- **Data section**
=== Section Start ===
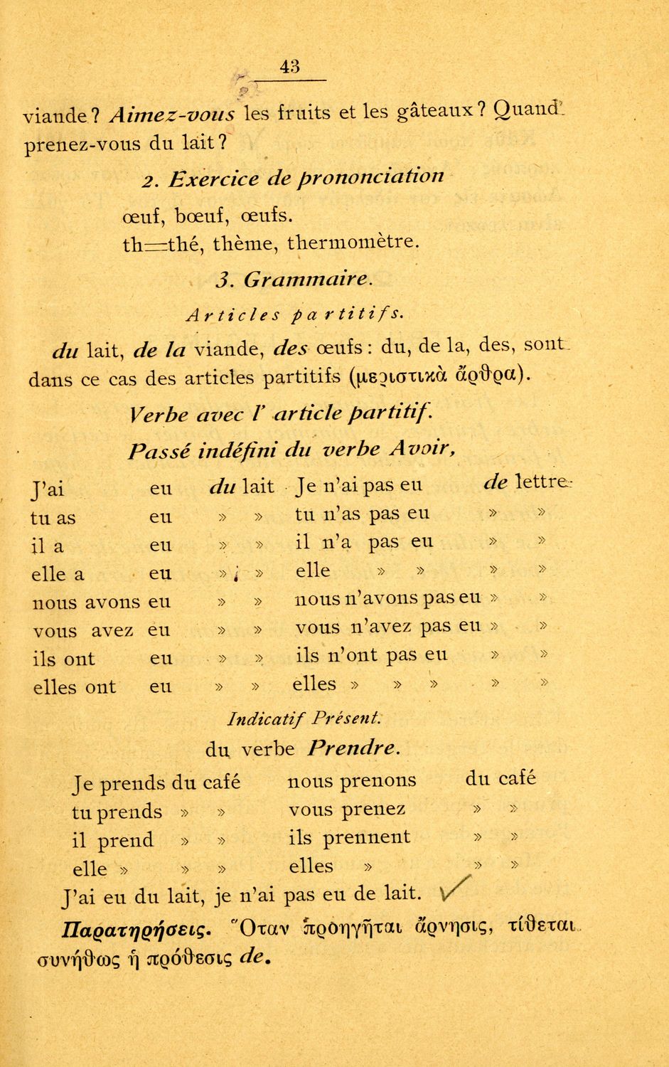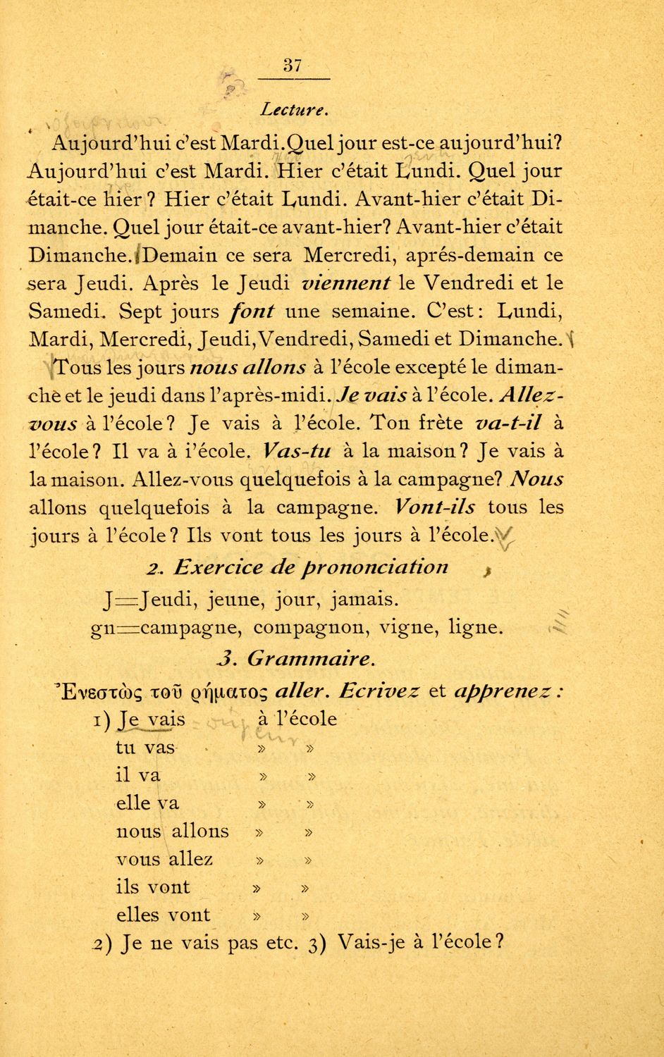 Σχολικό εγχειρίδιο Γαλλικών Β΄ και Γ' Ελληνικού Σχολείου, Αστικού Σχολείου και Παρθεναγωγείου που περιλαμβάνει κείμενα, κανόνες γραμματικής και συντακτικού, ερωτήσεις και ασκήσεις κατανόησης, και λεξιλογικά ...
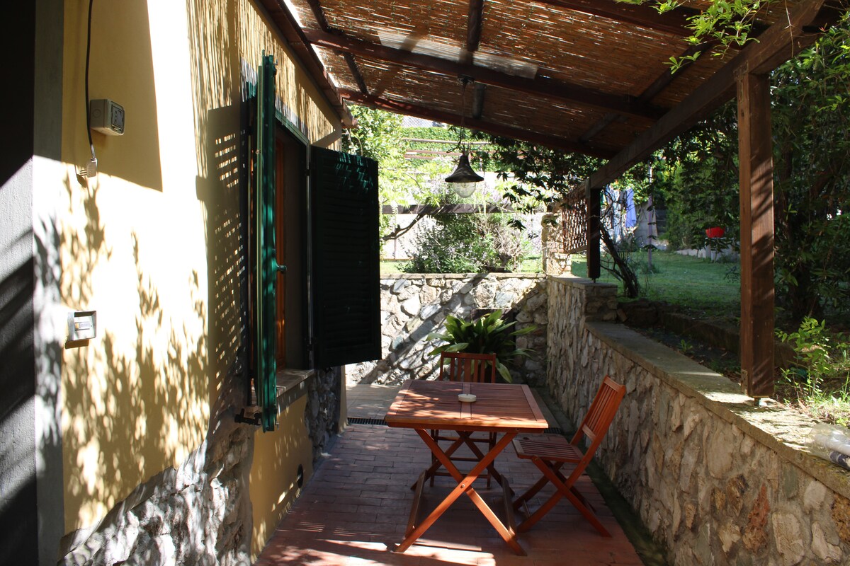 Delizioso appartamento arredato con cura, in stile etnico, provvisto di ogni comfort, in un casolare appena ristrutturato secondo i principi della bioedilizia, immerso nella macchia mediterranea del più bel versante dell'isola d'Elba, con vista mozzafiato sull'arcipelago toscano e sulla Corsica, a 250 m sul livello del mare, dominante la spiaggia di Cavoli. L'appartamento è composto di soggiorno con angolo cottura e divano-letto per due persone, camera matrimoniale e bagno con doccia e ampio spazio esterno attrezzato per pranzare e prendere il sole. Il luogo è raggiungibile con una strada sterrata di 2,5 km dal paesino di San Piero in Campo (fin dove arrivano i mezzi pubblici), distante pochi minuti di macchina dalle spiagge più incantevoli dell'isola (Cavoli, Seccheto, Fetovaia) e dal centro turistico e commerciale di Marina di Campo. E' consigliabile disporre di un mezzo proprio. La casa è immersa nella tipica macchia mediterranea alternata a grandi e suggestive scogliere di granito. Il grande giardino è recintato, contiene un orto e un uliveto. Non vi sono altre abitazioni nei dintorni. Intorno alla località si snodano i più suggestivi sentieri per gli amanti del trekking e della mountain bike. Ideale per chi è in cerca di silenzio, relax, aria pura, e ama la natura e i luoghi un pò speciali. I padroni di casa potranno aiutarvi per ogni evenienza e perplessità. BREATHTAKING VIEW ON THE ARCHIPELAGO Charming apartment,furnished in ethnic style,with every comfort,in an old cottage just renovated according to the bioarchitecture,amidst the Mediterranean bush in the most beautiful part of Elba island with breathtaking views on the Tuscan archipelago and (email hidden) a.s.l.,overlooking famous Cavoli beach. The apartment has a living room with kitchenette and divan bed for two persons,a double bedroom and a bathroom with shower and a large outside patio for eating and sunbathing. You can reach the place through a 2,5 Km dirt road from San Piero in Campo,where pubblic transport ends,and from where ,in few minutes by car you can get to the best beaches of the island (Cavoli,Seccheto,Fetovaia etc.),and to the touristic and service centre of Marina di Campo. It's better to have your own car or motorbike(you can rent it anywhere on the island). The house is surrounded by the typical mediterranean bush scattered with huge granite cliffs. The large garden has an olive grove and a vegetable garden. The place is secluded and there are no other houses in the surroundings. It's an ideal place for trekking and mountain biking and lovers of relax,peace,nature and special places. Your host are ready to help for any need and request.
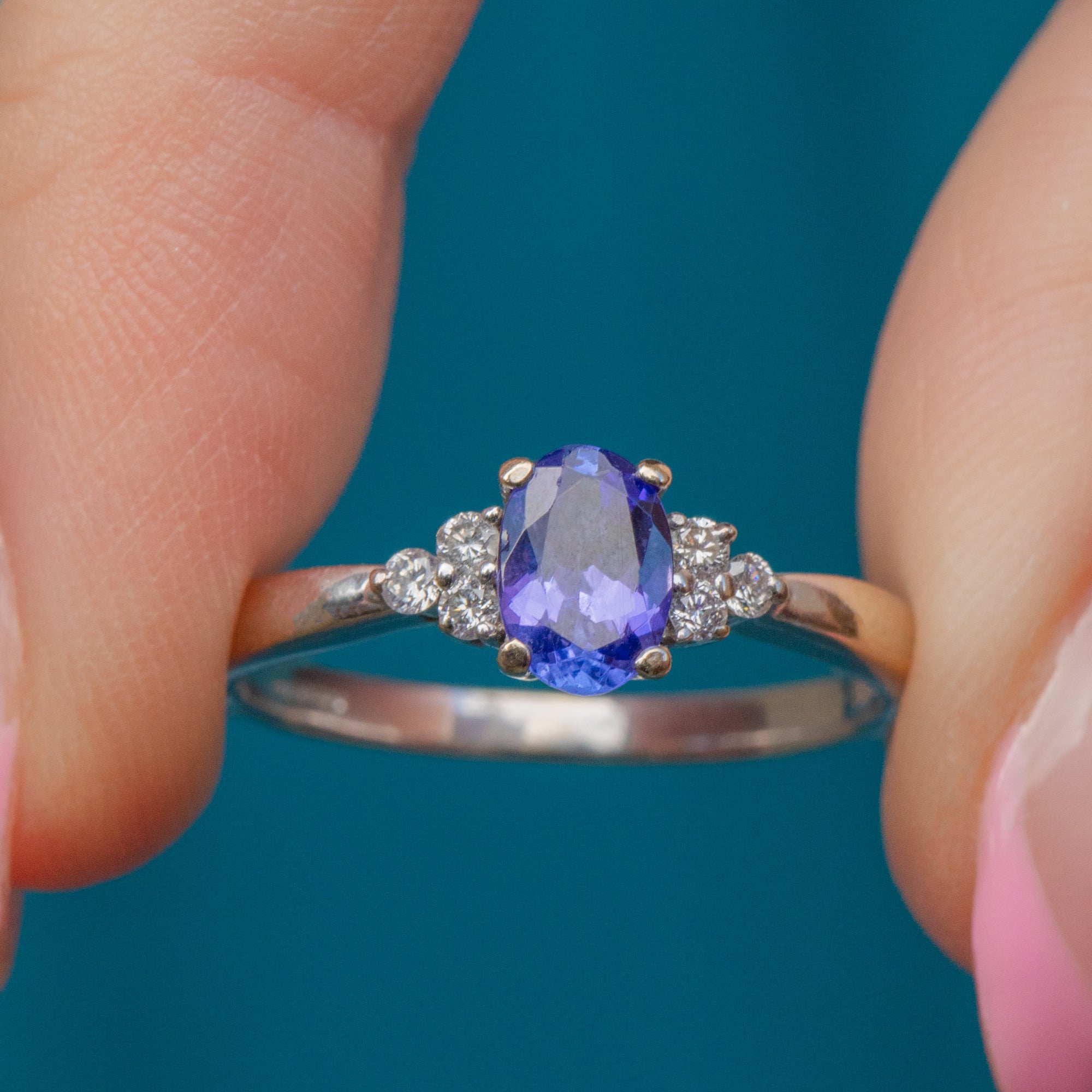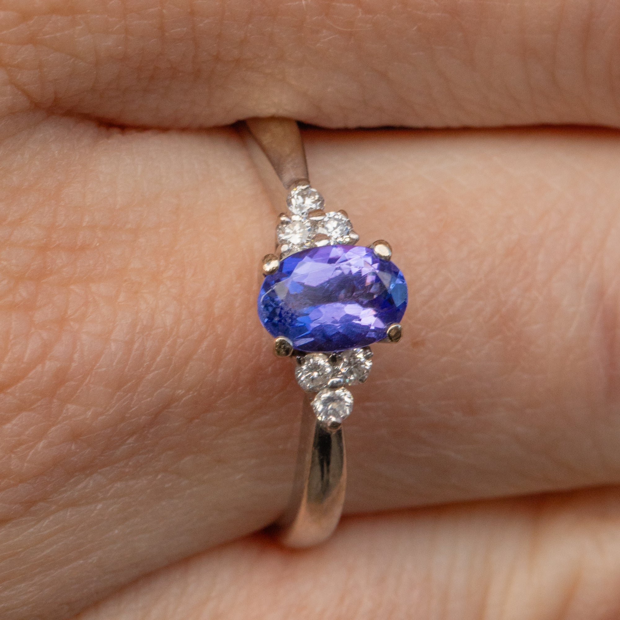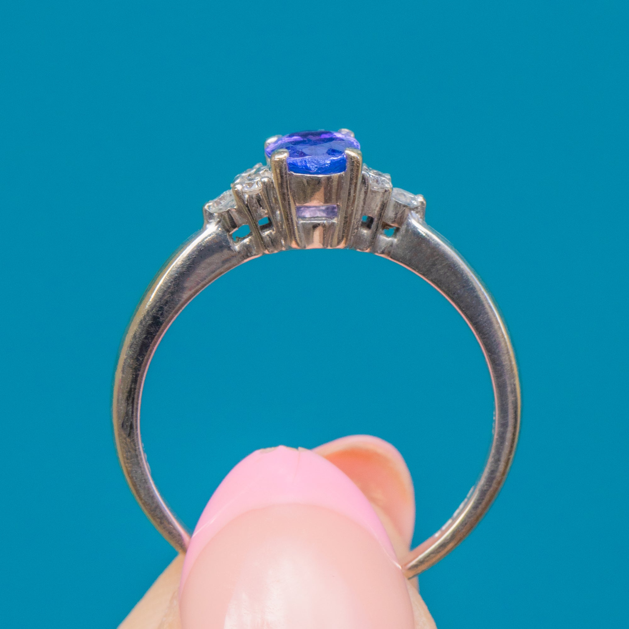 EXCELLENT. This 18ct Gold Tanzanite Diamond cluster ring is in excellent condition. The Tanzanite and Diamonds are all securely set and free from chips or abrasions. The 18ct White Gold shank is lustrous and has retained its form well, allowing you to wear it confidently and comfortably.
=== Section End ===
- **Activity**
Reproduce the full material exactly, excluding the pictures.

- **Output below**
 Σχολικό εγχειρίδιο Γαλλικών Β΄ και Γ' Ελληνικού Σχολείου, Αστικού Σχολείου και Παρθεναγωγείου που περιλαμβάνει κείμενα, κανόνες γραμματικής και συντακτικού, ερωτήσεις και ασκήσεις κατανόησης, και λεξιλογικά ...
 Delizioso appartamento arredato con cura, in stile etnico, provvisto di ogni comfort, in un casolare appena ristrutturato secondo i principi della bioedilizia, immerso nella macchia mediterranea del più bel versante dell'isola d'Elba, con vista mozzafiato sull'arcipelago toscano e sulla Corsica, a 250 m sul livello del mare, dominante la spiaggia di Cavoli. L'appartamento è composto di soggiorno con angolo cottura e divano-letto per due persone, camera matrimoniale e bagno con doccia e ampio spazio esterno attrezzato per pranzare e prendere il sole. Il luogo è raggiungibile con una strada sterrata di 2,5 km dal paesino di San Piero in Campo (fin dove arrivano i mezzi pubblici), distante pochi minuti di macchina dalle spiagge più incantevoli dell'isola (Cavoli, Seccheto, Fetovaia) e dal centro turistico e commerciale di Marina di Campo. E' consigliabile disporre di un mezzo proprio. La casa è immersa nella tipica macchia mediterranea alternata a grandi e suggestive scogliere di granito. Il grande giardino è recintato, contiene un orto e un uliveto. Non vi sono altre abitazioni nei dintorni. Intorno alla località si snodano i più suggestivi sentieri per gli amanti del trekking e della mountain bike. Ideale per chi è in cerca di silenzio, relax, aria pura, e ama la natura e i luoghi un pò speciali. I padroni di casa potranno aiutarvi per ogni evenienza e perplessità. BREATHTAKING VIEW ON THE ARCHIPELAGO Charming apartment,furnished in ethnic style,with every comfort,in an old cottage just renovated according to the bioarchitecture,amidst the Mediterranean bush in the most beautiful part of Elba island with breathtaking views on the Tuscan archipelago and (email hidden) a.s.l.,overlooking famous Cavoli beach. The apartment has a living room with kitchenette and divan bed for two persons,a double bedroom and a bathroom with shower and a large outside patio for eating and sunbathing. You can reach the place through a 2,5 Km dirt road from San Piero in Campo,where pubblic transport ends,and from where ,in few minutes by car you can get to the best beaches of the island (Cavoli,Seccheto,Fetovaia etc.),and to the touristic and service centre of Marina di Campo. It's better to have your own car or motorbike(you can rent it anywhere on the island). The house is surrounded by the typical mediterranean bush scattered with huge granite cliffs. The large garden has an olive grove and a vegetable garden. The place is secluded and there are no other houses in the surroundings. It's an ideal place for trekking and mountain biking and lovers of relax,peace,nature and special places. Your host are ready to help for any need and request.
 EXCELLENT. This 18ct Gold Tanzanite Diamond cluster ring is in excellent condition. The Tanzanite and Diamonds are all securely set and free from chips or abrasions. The 18ct White Gold shank is lustrous and has retained its form well, allowing you to wear it confidently and comfortably.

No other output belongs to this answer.